You know what I miss? When I had the time to flip through my cookbooks or scroll through food blogs and bookmark recipes I actually planned on making. My hours of stomach-rumbling browsing has turned to minutes. My zest for multi-step, artfully assembled dishes such as this vegan moussaka with pine nut cream, has dwindled to cravings for simple and quick meals.

For all the things that being busy gives, there are so many things it takes away: the time to let books enliven the mind, friends renew the spirit, and food delight the senses. At least I have the pictures to remind me of these things passed, surely to come again.

I made this moussaka a month or so ago to share with friends for dinner. It made for a wonderful side dish to the salad, cheese, bread and wine they provided.

My first experience with moussaka was in Patra, Greece. Freshly off the ferry, my companions and I stopped for a bite before boarding a tumultuous train to Athens. I don’t remember much aside from the picture I have of the moment. Isn’t it strange how pictures so often circumvent memory?

I can see four women bent over plates of pita, gyro, hummus, and tzatziki.

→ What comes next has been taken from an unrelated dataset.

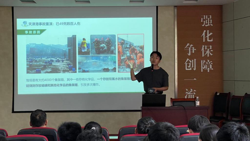 演练开始前进行了实验室安全、消防安全、特种设备安全及应急防护方面的知识培训讲座。本次演练模拟场景为实验过程中由于学生操作不当引起浓硫酸泄漏并造成衣物沾染后的应急处置。泄漏事故发生后,学生第一时间报告任课老师,老师立即安排同学去应急喷淋装置进行冲洗自救,同时组织实验室内其他同学有序撤离,并及时通知安全人员对泄漏化学品进行处置。

I can see goblets of wine casting their sunny purple on our stacks of this earthy eggplant casserole, with all its layers fused together with rich tomato sauce.

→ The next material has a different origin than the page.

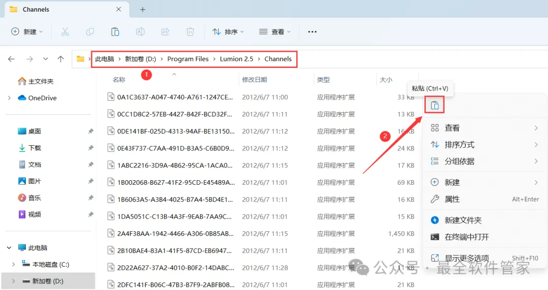 29、打开路径:D:\Program Files\ Lumion 2.5.1\Channels,再右键文件夹的空白处,点击【粘贴按钮】

The picture takes me back to that slight strangeness we felt, having just met, and it’s quick dissolution over the new tastes before us. I can almost sense, once more, the Mediterranean air so near our skin.

The bright colors of this carefully layered dish bring two things to mind then. One, the gift of having time to make good food, and two, the thrill of newness. Balance is not an easy thing, but gratitude, once learned, surely is.

On this (Canadian) thanksgiving weekend, the pictures of this meal remind me that there will again be balance in my life and serenity in eating. I might not have time to make and photograph a whole new kitchen extravaganza, but I have these saved memories of meals I have not yet shared. It may not be turkey, but it speaks loudly of the slow and simple life.

I have so much to be thankful for, even just in the past few days. A surprise visit from my mom and an impromptu trip to Canada, finishing my first marathon, and a week that’s already looking better than the last. My glass is truly full, and with my mom around, tonight so will be my plate.